(Beginning of Provided entries)
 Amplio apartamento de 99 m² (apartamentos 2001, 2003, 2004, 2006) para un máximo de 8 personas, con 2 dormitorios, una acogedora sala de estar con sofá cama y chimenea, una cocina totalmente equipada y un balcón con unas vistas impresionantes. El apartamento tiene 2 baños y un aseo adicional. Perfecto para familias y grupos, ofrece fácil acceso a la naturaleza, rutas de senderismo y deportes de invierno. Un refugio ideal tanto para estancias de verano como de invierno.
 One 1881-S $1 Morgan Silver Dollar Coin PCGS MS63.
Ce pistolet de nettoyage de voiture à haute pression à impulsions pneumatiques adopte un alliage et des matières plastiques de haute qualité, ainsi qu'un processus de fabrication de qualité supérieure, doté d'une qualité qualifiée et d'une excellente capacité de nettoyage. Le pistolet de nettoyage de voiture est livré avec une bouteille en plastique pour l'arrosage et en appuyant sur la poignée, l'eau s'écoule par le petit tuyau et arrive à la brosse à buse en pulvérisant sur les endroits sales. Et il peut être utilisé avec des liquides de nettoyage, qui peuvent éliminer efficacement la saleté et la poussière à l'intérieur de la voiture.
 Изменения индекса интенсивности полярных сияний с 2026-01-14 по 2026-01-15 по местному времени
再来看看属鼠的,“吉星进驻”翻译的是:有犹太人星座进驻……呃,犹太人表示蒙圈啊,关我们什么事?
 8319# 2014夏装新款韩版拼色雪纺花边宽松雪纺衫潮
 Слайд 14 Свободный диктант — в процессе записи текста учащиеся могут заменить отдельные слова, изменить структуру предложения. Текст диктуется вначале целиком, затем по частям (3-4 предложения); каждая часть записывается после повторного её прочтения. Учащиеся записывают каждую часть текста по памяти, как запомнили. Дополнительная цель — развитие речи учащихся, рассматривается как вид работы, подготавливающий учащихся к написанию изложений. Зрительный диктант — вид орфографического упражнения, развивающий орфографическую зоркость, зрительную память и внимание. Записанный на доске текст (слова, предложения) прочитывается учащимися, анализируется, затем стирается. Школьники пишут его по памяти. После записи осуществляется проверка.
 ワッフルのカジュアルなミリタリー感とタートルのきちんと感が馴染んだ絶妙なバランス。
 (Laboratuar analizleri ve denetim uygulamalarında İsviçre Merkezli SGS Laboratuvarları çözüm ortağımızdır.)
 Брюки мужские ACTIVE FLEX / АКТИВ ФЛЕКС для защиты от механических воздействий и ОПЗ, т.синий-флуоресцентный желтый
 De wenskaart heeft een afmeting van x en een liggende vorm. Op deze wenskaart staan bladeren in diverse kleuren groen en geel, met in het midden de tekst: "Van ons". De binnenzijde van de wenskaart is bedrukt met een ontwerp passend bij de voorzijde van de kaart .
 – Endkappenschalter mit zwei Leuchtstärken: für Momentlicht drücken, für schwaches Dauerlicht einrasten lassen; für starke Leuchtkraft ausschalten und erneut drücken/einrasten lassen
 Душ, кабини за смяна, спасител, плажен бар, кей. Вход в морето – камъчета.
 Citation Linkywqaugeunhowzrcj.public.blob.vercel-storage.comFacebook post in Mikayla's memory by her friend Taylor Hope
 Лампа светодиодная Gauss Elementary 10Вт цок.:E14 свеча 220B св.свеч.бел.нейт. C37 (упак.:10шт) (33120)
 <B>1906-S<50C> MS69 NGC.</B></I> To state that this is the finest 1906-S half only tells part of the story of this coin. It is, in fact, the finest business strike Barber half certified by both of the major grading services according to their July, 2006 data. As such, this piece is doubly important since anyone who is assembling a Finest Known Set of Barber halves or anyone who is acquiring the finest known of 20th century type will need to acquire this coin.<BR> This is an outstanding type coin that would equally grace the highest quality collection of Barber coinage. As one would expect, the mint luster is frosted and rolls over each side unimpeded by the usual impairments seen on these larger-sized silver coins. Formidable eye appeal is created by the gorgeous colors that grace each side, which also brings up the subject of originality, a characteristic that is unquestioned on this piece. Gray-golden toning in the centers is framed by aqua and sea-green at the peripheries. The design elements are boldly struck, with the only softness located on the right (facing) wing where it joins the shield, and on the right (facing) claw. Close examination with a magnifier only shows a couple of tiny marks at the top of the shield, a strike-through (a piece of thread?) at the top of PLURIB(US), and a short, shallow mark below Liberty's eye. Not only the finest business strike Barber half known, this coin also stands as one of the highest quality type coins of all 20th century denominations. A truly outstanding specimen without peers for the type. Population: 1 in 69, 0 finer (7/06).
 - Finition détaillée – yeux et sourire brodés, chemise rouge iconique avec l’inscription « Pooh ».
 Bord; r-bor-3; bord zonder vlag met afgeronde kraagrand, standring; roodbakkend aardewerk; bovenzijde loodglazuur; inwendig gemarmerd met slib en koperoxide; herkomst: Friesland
(End of Provided entries)
The task requires each record above to be restated exactly.

 Amplio apartamento de 99 m² (apartamentos 2001, 2003, 2004, 2006) para un máximo de 8 personas, con 2 dormitorios, una acogedora sala de estar con sofá cama y chimenea, una cocina totalmente equipada y un balcón con unas vistas impresionantes. El apartamento tiene 2 baños y un aseo adicional. Perfecto para familias y grupos, ofrece fácil acceso a la naturaleza, rutas de senderismo y deportes de invierno. Un refugio ideal tanto para estancias de verano como de invierno.
 One 1881-S $1 Morgan Silver Dollar Coin PCGS MS63.
Ce pistolet de nettoyage de voiture à haute pression à impulsions pneumatiques adopte un alliage et des matières plastiques de haute qualité, ainsi qu'un processus de fabrication de qualité supérieure, doté d'une qualité qualifiée et d'une excellente capacité de nettoyage. Le pistolet de nettoyage de voiture est livré avec une bouteille en plastique pour l'arrosage et en appuyant sur la poignée, l'eau s'écoule par le petit tuyau et arrive à la brosse à buse en pulvérisant sur les endroits sales. Et il peut être utilisé avec des liquides de nettoyage, qui peuvent éliminer efficacement la saleté et la poussière à l'intérieur de la voiture.
 Изменения индекса интенсивности полярных сияний с 2026-01-14 по 2026-01-15 по местному времени
再来看看属鼠的,“吉星进驻”翻译的是:有犹太人星座进驻……呃,犹太人表示蒙圈啊,关我们什么事?
 8319# 2014夏装新款韩版拼色雪纺花边宽松雪纺衫潮
 Слайд 14 Свободный диктант — в процессе записи текста учащиеся могут заменить отдельные слова, изменить структуру предложения. Текст диктуется вначале целиком, затем по частям (3-4 предложения); каждая часть записывается после повторного её прочтения. Учащиеся записывают каждую часть текста по памяти, как запомнили. Дополнительная цель — развитие речи учащихся, рассматривается как вид работы, подготавливающий учащихся к написанию изложений. Зрительный диктант — вид орфографического упражнения, развивающий орфографическую зоркость, зрительную память и внимание. Записанный на доске текст (слова, предложения) прочитывается учащимися, анализируется, затем стирается. Школьники пишут его по памяти. После записи осуществляется проверка.
 ワッフルのカジュアルなミリタリー感とタートルのきちんと感が馴染んだ絶妙なバランス。
 (Laboratuar analizleri ve denetim uygulamalarında İsviçre Merkezli SGS Laboratuvarları çözüm ortağımızdır.)
 Брюки мужские ACTIVE FLEX / АКТИВ ФЛЕКС для защиты от механических воздействий и ОПЗ, т.синий-флуоресцентный желтый
 De wenskaart heeft een afmeting van x en een liggende vorm. Op deze wenskaart staan bladeren in diverse kleuren groen en geel, met in het midden de tekst: "Van ons". De binnenzijde van de wenskaart is bedrukt met een ontwerp passend bij de voorzijde van de kaart .
 – Endkappenschalter mit zwei Leuchtstärken: für Momentlicht drücken, für schwaches Dauerlicht einrasten lassen; für starke Leuchtkraft ausschalten und erneut drücken/einrasten lassen
 Душ, кабини за смяна, спасител, плажен бар, кей. Вход в морето – камъчета.
 Citation Linkywqaugeunhowzrcj.public.blob.vercel-storage.comFacebook post in Mikayla's memory by her friend Taylor Hope
 Лампа светодиодная Gauss Elementary 10Вт цок.:E14 свеча 220B св.свеч.бел.нейт. C37 (упак.:10шт) (33120)
 <B>1906-S<50C> MS69 NGC.</B></I> To state that this is the finest 1906-S half only tells part of the story of this coin. It is, in fact, the finest business strike Barber half certified by both of the major grading services according to their July, 2006 data. As such, this piece is doubly important since anyone who is assembling a Finest Known Set of Barber halves or anyone who is acquiring the finest known of 20th century type will need to acquire this coin.<BR> This is an outstanding type coin that would equally grace the highest quality collection of Barber coinage. As one would expect, the mint luster is frosted and rolls over each side unimpeded by the usual impairments seen on these larger-sized silver coins. Formidable eye appeal is created by the gorgeous colors that grace each side, which also brings up the subject of originality, a characteristic that is unquestioned on this piece. Gray-golden toning in the centers is framed by aqua and sea-green at the peripheries. The design elements are boldly struck, with the only softness located on the right (facing) wing where it joins the shield, and on the right (facing) claw. Close examination with a magnifier only shows a couple of tiny marks at the top of the shield, a strike-through (a piece of thread?) at the top of PLURIB(US), and a short, shallow mark below Liberty's eye. Not only the finest business strike Barber half known, this coin also stands as one of the highest quality type coins of all 20th century denominations. A truly outstanding specimen without peers for the type. Population: 1 in 69, 0 finer (7/06).
 - Finition détaillée – yeux et sourire brodés, chemise rouge iconique avec l’inscription « Pooh ».
 Bord; r-bor-3; bord zonder vlag met afgeronde kraagrand, standring; roodbakkend aardewerk; bovenzijde loodglazuur; inwendig gemarmerd met slib en koperoxide; herkomst: Friesland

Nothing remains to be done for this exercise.